Open nicowilliams opened 1 year ago
fq has backtick-raw strings:
$ fq -rn '`\(123)\u1234`'
\(123)\u1234
which is practical as it exploits the fact that they are rarely (at least for now) used text formats like xml, json etc. But maybe a more future-proof and safer choice is something using used-defined start/end somehow
I think I can make <backtick><any-number-of-({[><backtick>
be the start sequence with the end sequence having to have the same but with closing paren/brace/bracket characters.
# because the start is `{{` the end has to be `}}`
`{{`raw string here with no \escapes and not \(interpolation)`}}`
I do like the simplicity of single backticks. Maybe a variant could be that raw string literals can't be empty and then use <one-or-more-backticks><one-or-more-characters><same-amount-of-backticks>
, ex:
`abc` => "abc"
``ab`c`` => "ab`c"
abc
`` # not ok
A bit similar to how markdown code blocks work.
some sort of string form that makes it easy enough to cut-n-paste strings like regexps and such
regexps and what? Why not /regexp/
?
Your thinking something like "abc" | /abc/ | ...
? that would be quite neat, would also make it possible to reuse the compiler regexp. Would /re/[flags]

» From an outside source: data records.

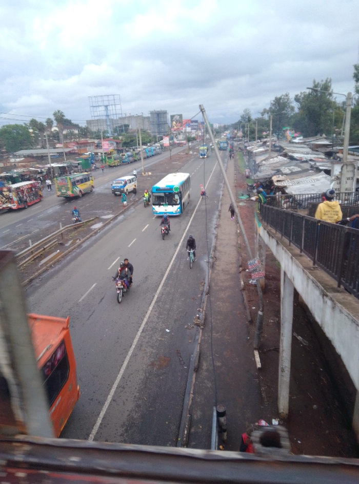 An elevated view captures a bustling urban scene. A multi-lane road is filled with vehicles: buses, minibuses, motorcycles, and a cyclist. Makeshift structures line one side of the road, while a row of colorful buses occupies the other. Pedestrians are visible alongside the road and on a pedestrian bridge. A large billboard looms in the distance under a cloudy sky. The foreground shows a section of the elevated structure from which the photo is taken.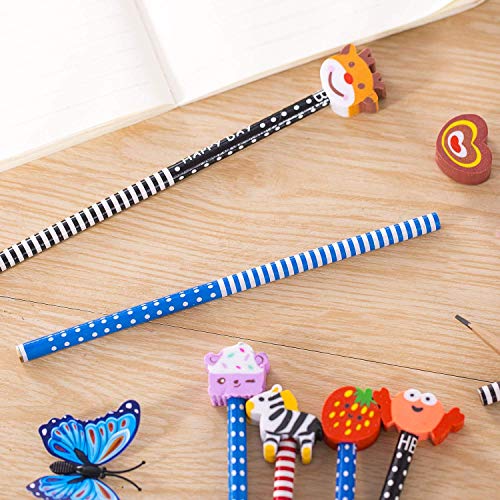 Insegnanti e genitori possono usarli come ricompense in classe o omaggi per bambini. Set matite e gomme divertente per bambini da utilizzare a scuola e rendere piacevole il lavoro di studio.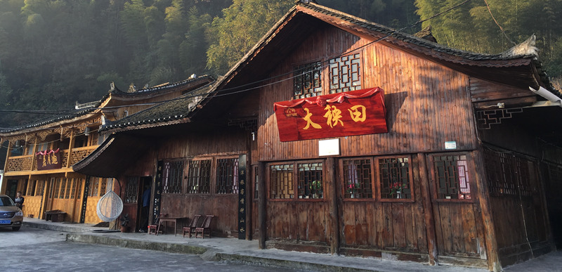 進(jìn)入蘭田村,村口豎立著“利川紅第一村”的牌樓。這個(gè)村的村民靠茶葉吃飯,村里有“利川紅”品牌茶葉近3600畝的種植基地。車?yán)^續(xù)緩緩向前,繞過幾個(gè)急彎、爬上一段緩坡后,一座古色古香的木屋出現(xiàn)在眼前。木屋背靠山,有寬敞的院落,紅褐色的墻體被青山翠竹映襯得格外醒目。木屋正中,一塊朱紅色的大牌匾上用黃色油彩寫著“大秧田”三個(gè)字,使人眼前一亮、心頭一熱,情不自禁地想要走進(jìn)它。

be like select(test(re; flags))
, /re/sub/[flags]
like gsub(re; sub)
etc also scan/match/capture somehow? would re and flags in those cases need to be literal stings and not filters i guess?
Anyways, my use cases for raw strings with fq has been literal strings that are html, xml, json etc
@wader Yes, that or introduce a new string type specified using slashes instead of double quotes and can be provided to test, scan, etc. as the regexp argument. Either way it can be compiled once and reused throughout the program.

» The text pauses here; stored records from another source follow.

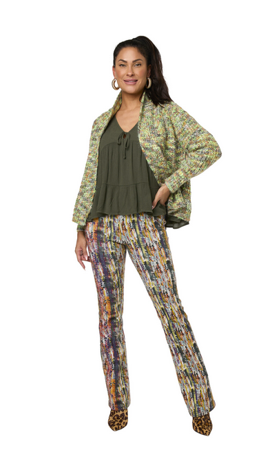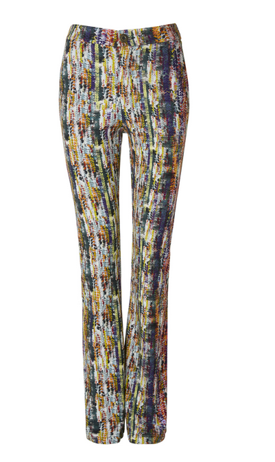 De Eva Flare Melange Broek is een mooie zacht aanvoelende broek met wijd uitlopende pijpen. De broek heeft een rits aan de voorzijde en een knoop en een sluit koord aan de bovenzijde om de broek goed te kunnen sluiten. Te combineren met de Danka Melange Gilet.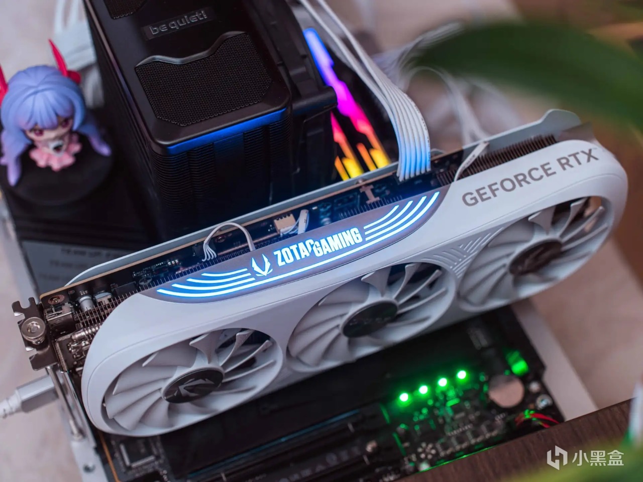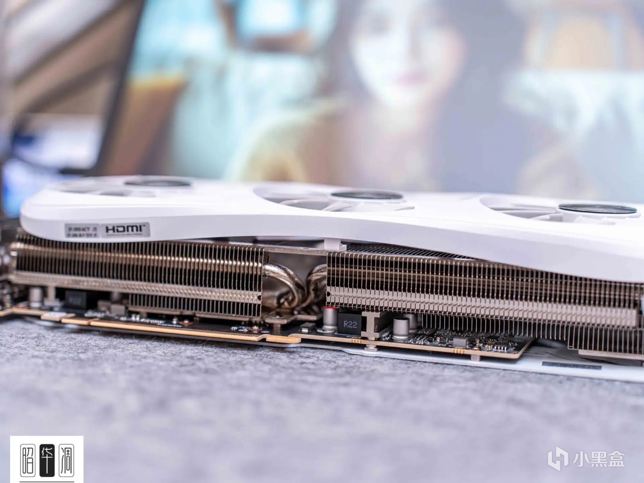▼顯卡內部配備了索泰自家研發的 IceStorm3.0 散熱系統,該系統由“仿生盾鱗2.0”三風扇、7 根 6mm 鍍鎳熱管以及增強型散熱模組組成。結合 11 + 2 相的電源設計,能夠有效地管理和降低顯卡在運行過程中產生的熱量。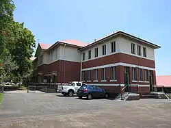 Newmarket State School's new brick school building (now called Block A) was opened on 30 June 1934 by the Minister for Public Instruction (Frank Cooper).[50] It was a two-storey masonry building, constructed from red brick with a darker brick base and pale stucco treatment to the upper floor. It had a hipped roof with gables over the entrances and a prominent ventilation fleche. The main entrance was through a portico with three round arches. Gables featured a half-timbered ornamental effect, utilising timber, fibre-cement panels and terracotta tiles. The building contained 13 classrooms, a head teacher's office, and retiring rooms on both floors. Circulation was provided by an internal staircase at the eastern end and an external timber staircase attached to the western wall. Windows on the southern elevation were protected by terra-cotta tile-clad window hoods. Landscaping in front of the new building including a row of fig trees along the Banks Street fence line (two of which survive), and the laying out of pathways.[51][49][1]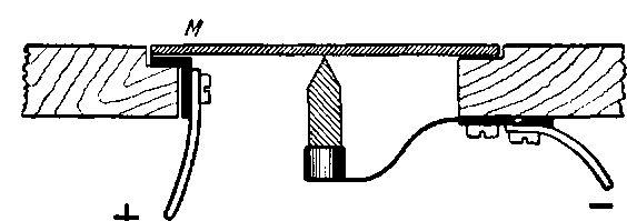 К угольной микрофонной мембране М, закрепленной на пластине, снизу прижат уголь дуговой лампы с остро заточенным кончиком. В электрическую цепь включают предохранительное сопротивление и выключатель. Ток идет от мембраны к углю; при замыкании тока место касания уголька и мембраны сильно нагревается, и на мембране появляется накаленное резко ограниченное пятно, которое после охлаждения можно узнать по темному цвету. Спаиваемые проволоки выравниваются на мембране так, чтобы место спая приходилось как раз на пятне, после чего, пользуясь флюсом и серебром или оловом с паяльной жидкостью, производят пайку, замыкая в цепи ток.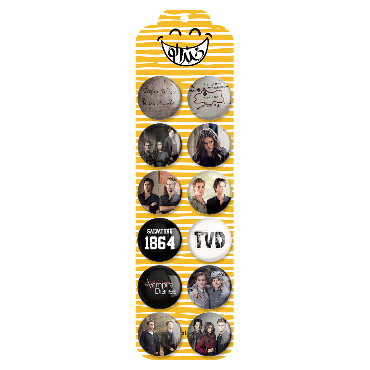 پک 12 عددی پیکسل خندالو طرح خاطرات خون آشام (The Vampire Diaries) با روکش سلفون حرارتی براق ضدخش و قطعه پشتی رنگی تولید شده است. قطعات پشتی از میان 6 رنگ سفید، مشکی، صورتی، زرد، آبی و قرمز که با توجه به نوع و رنگبندی طرح روی پیکسل انتخاب شده اند تولید می شود و در هر بسته بندی مطابق عکس محصول می باشد. قطعات پلاستیکی پشت پیکسل با سوزن یک تکه ثابت و بدون لغزش و جا به جایی، ایستایی بسیار بهتری نسبت به پشتی فلزی پیکسل دارند که این مهم در تولید این محصول نیز رعایت شده است. چاپ پیکسل طرح خاطرات خون آشام (The Vampire Diaries) بسته ۱۲ عددی نیز با دستگاه های استاندارد و با بهترین سطح کیفی صورت گرفته و طرح با شفافیتی مثال زدنی و با سلفونی بدون شکست نور بر روی پیکسل نقش بسته است.

Did a quick experiment with jqjq to see how it would feel like and possible problems https://github.com/wader/jqjq/tree/regex-literals-experiment
Looks like this:
# behaves as:
# select(test("abc")) | capture("(?<digits>\\d+)")

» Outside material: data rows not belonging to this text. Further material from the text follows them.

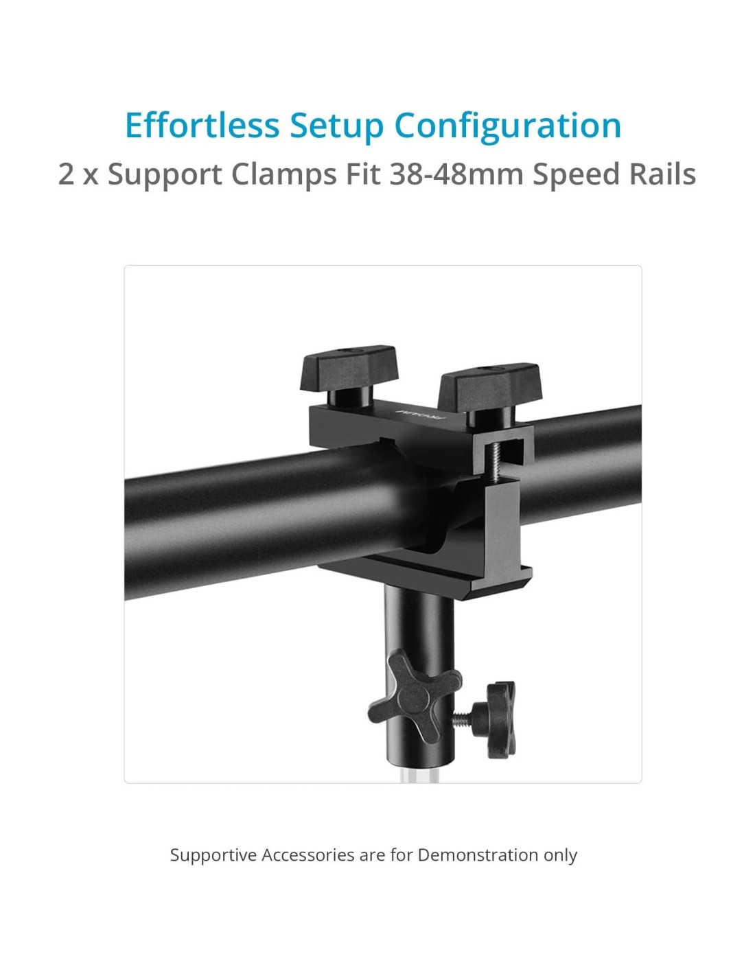 - Abrazaderas de Soporte Ajustables: Se adapta a rieles entre 38mm y 48mm, proporcionando máxima flexibilidad para diferentes configuraciones de rig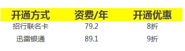 开通方式不同,所需要的资费也不一样,目前最优惠的方式是通过【招商联名卡】和【迅雷银通】享受最低折的优惠。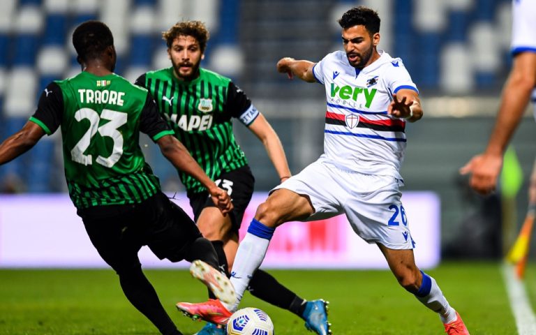 比赛伊始,萨索洛前锋贝拉尔迪凌空劲射被门将飞身化解,桑普球员扬克托射门则击中立柱。第26分钟,萨索洛球员特拉雷奥在一次反击中单刀破门,但因越位被吹无效。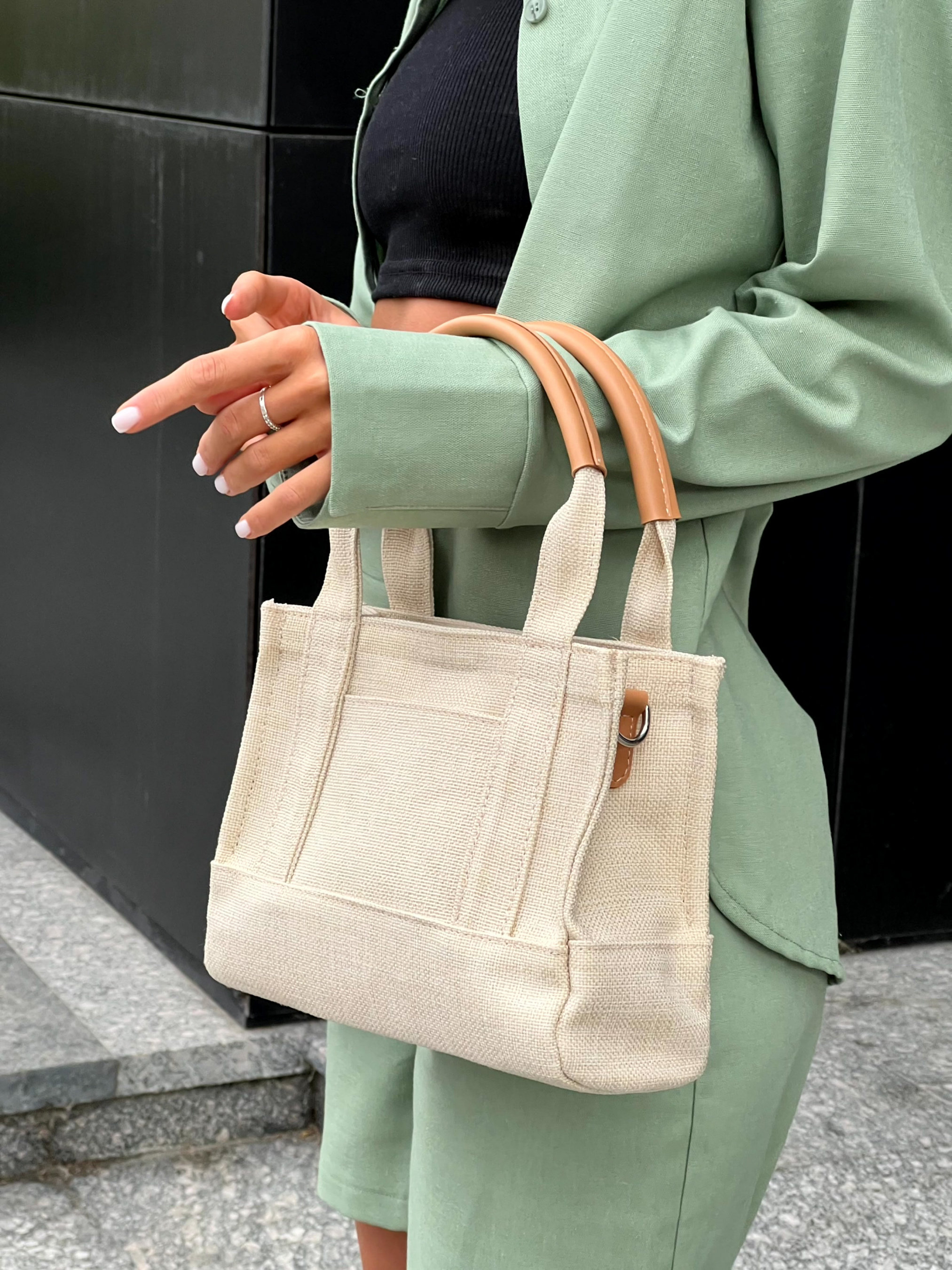 Текстильная универсальная сумка. Внутри есть тканевая подкладка и небольшой карман на молнии. Модель вместительная. Дополняется вставками из экокожи. В комплекте есть ремешок, который можно регулировать. Сумка застегивается на кнопку. Отлично подойдет под образы разных стилей. Высота 18,5 см Высота с ручкой 31 см Высота ручек 12,5 см Ширина 23 см Глубина 9 см Длина ремешка минимальная 60,5 см Длинна ремешка максимальная 105 см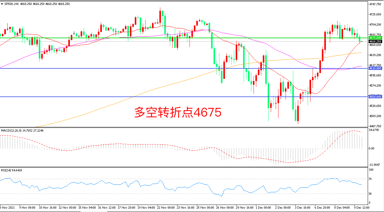 4小时图看,标普500长阳高位震荡回落,21周期成为短期支撑,4675成为多空分水岭,MACD红柱缩短,RSI指标走平,日内震荡上行概率较大。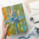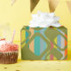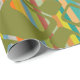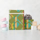 This wrapping paper has a mid-century modern design of rounded green rectangles with holes on a background of stripes in mid-century modern colors. If you like the design but prefer different colors, message me.
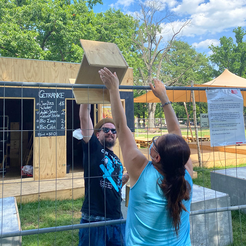 Wir haben einen tollen Begegnungsort mit einem bunten Programm im Annapark geschaffen. Zwei Wochen lang lief alles nach Plan: der Ort wurde gefeiert und gut genutzt – auch dann, wenn wir nicht da waren. Und das war herrlich! Denn es entstand ein Dritter Ort, den die Bewohner des Stadtteils sich aneignen konnten.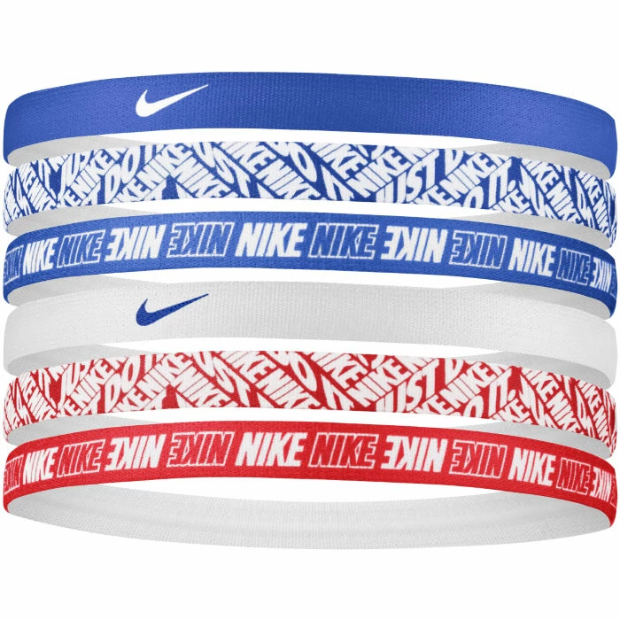 The NIKE Headbands 6 Pack Printed pack includes 6 stretchy headbands, with silicone strip grips for an extra-secure fit.

$ ./jqjq -n '"nope123", "abc123" | /abc/ | /(?<digits>\d+)/'
{
"digits": "123"
}
Some thought and problems i encountered (from commit message):
js does not support empty or new line in /regex/
// comment in js
//-alt in jq
how to handle 1 / 2 / 3?
currently /regex/ is compiled like this:
no (named) capture groups: select(text("regex"))
named capture groups: capture("regex")
flags just /regex/flags?
gsub via /regex/sub/? sub only string or string with interpolation?
maybe some way of to do test("regxp") without select(..)?
what about match, scan, split etc? via flags or syntax?
support test(/regex/) or /regex/ as $re | test($re) etc?
behave as string literals with regex side data?
Related issue #1249
Did a quick experiment with jqjq to see how it would feel like and possible problems https://github.com/wader/jqjq/tree/regex-literals-experiment
Looks like this:
# behaves as: # select(test("abc")) | capture("(?<digits>\\d+)") $ ./jqjq -n '"nope123", "abc123" | /abc/ | /(?<digits>\d+)/' { "digits": "123" }
@wader I like it. My two cents on the rest:
js does not support empty or new line in /regex/ // comment in js //-alt in jq
//
can be a shorthand for the most recently matched regex; like
/abc/ | sub(//; "def") | ...
would be the same as
/abc/ | sub(/abc/; "def") | ...
It can match empty string too but split("")[]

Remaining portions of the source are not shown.